Taken together, the expression data and the re-specification of the posterior blastema to an anteriorized fate by GJC loss-of-function suggest that innexin-based GJC mediates instructive signaling during regeneration in planaria. Because of the availability of a simple assay in a clear-cut example of GJC-dependent patterning, and the existence of large amounts of classical as well as molecular and genomic data, this system is very likely to allow important progress on the mechanisms utilized in this spatial regulation. Although the pharmacological GJC blockers, not being subject to compensation or redundancy effects, allowed the rapid identification of an important phenotype that might have been missed if single innexin genetic loss-of-function experiments were pursued, it is now crucial to utilize RNAi-based gene abrogation to determine precisely which innexins are responsible for mediating the anterior-posterior polarity signals, and use their expression pattern and biophysical properties to formulate testable mechanistic models of how large-scale polarity is imposed on tissue.

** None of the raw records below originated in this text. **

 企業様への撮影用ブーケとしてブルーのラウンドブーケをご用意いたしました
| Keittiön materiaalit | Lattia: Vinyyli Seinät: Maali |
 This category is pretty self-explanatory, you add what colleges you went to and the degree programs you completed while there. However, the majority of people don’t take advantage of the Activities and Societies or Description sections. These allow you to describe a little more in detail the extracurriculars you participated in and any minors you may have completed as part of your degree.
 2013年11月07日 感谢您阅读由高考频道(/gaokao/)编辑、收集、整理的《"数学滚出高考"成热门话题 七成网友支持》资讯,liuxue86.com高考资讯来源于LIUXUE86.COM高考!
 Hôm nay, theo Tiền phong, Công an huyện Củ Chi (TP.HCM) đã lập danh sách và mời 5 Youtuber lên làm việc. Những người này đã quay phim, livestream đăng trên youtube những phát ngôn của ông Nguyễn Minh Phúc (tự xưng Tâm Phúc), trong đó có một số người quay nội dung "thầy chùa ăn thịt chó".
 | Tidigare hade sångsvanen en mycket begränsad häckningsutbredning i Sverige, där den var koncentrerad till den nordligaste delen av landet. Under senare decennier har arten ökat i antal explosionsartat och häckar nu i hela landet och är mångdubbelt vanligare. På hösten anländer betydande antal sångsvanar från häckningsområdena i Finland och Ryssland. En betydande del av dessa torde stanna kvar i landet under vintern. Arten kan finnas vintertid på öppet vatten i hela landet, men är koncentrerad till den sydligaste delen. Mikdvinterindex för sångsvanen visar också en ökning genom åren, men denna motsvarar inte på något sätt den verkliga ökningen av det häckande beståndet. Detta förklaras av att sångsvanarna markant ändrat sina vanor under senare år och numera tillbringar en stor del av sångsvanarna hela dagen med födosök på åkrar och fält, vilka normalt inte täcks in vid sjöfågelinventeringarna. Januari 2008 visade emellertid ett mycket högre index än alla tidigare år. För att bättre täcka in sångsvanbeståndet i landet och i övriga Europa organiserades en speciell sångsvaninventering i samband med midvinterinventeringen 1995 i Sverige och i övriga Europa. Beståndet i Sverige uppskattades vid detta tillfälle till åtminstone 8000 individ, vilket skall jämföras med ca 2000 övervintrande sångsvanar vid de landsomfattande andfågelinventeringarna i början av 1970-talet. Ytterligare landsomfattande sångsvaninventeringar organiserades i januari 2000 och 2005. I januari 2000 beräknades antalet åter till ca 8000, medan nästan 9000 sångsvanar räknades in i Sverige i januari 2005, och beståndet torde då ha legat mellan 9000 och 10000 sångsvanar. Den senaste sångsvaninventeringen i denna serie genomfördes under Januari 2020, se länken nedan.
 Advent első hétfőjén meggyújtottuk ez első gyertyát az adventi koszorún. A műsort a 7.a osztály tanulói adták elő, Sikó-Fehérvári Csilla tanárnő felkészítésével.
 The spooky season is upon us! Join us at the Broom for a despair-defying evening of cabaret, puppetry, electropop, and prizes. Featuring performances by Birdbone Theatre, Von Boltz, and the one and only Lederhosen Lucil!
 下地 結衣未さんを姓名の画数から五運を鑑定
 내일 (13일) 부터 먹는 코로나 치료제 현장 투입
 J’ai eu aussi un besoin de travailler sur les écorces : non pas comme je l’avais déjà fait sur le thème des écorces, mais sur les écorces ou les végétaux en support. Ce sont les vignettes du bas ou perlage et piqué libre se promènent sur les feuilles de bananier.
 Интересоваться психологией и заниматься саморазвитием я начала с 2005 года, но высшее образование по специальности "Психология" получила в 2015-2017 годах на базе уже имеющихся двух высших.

GJC and left-right asymmetry

A considerable amount of data on the function of GJC in vertebrate patterning, including evolutionary conservation in two species, is now available in the field of left-right (LR) axial patterning. The vertebrate body-plan is based on a bilaterally-symmetrical structure; however, the visceral organs and brain display marked and consistent asymmetries in their location or geometry with respect to the embryonic midline. Left-right asymmetry is a fascinating example of large-scale embryonic patterning and consistent laterality of vertebrates raises many deep theoretical issues linking molecular stereo-chemistry with multi-cellular pattern control (Burdine and Schier, 2000; Levin, 2005). Because no macroscopic force distinguishes right from left, a powerful paradigm has been proposed to leverage large-scale asymmetry from the chirality of sub-cellular components (Brown et al., 1991; Brown and Wolpert, 1990). In this class of models, some molecule or organelle with a fixed chirality is oriented with respect to the antero-posterior and dorso-ventral axes, and its chiral nature is thus able to nucleate asymmetric processes. Thus, the first developmental event that distinguishes left from right is generally thought to take place on a subcellular scale. However, it is now known that a pathway of multi-cellular fields of asymmetric gene expression directs the laterality of asymmetric organs (Levin, 1998; Yost, 2001). A mechanism must then exist to transduce subcellular signals to cell fields, and thus convert information about LR direction to that of a cell’s position with respect to the midline.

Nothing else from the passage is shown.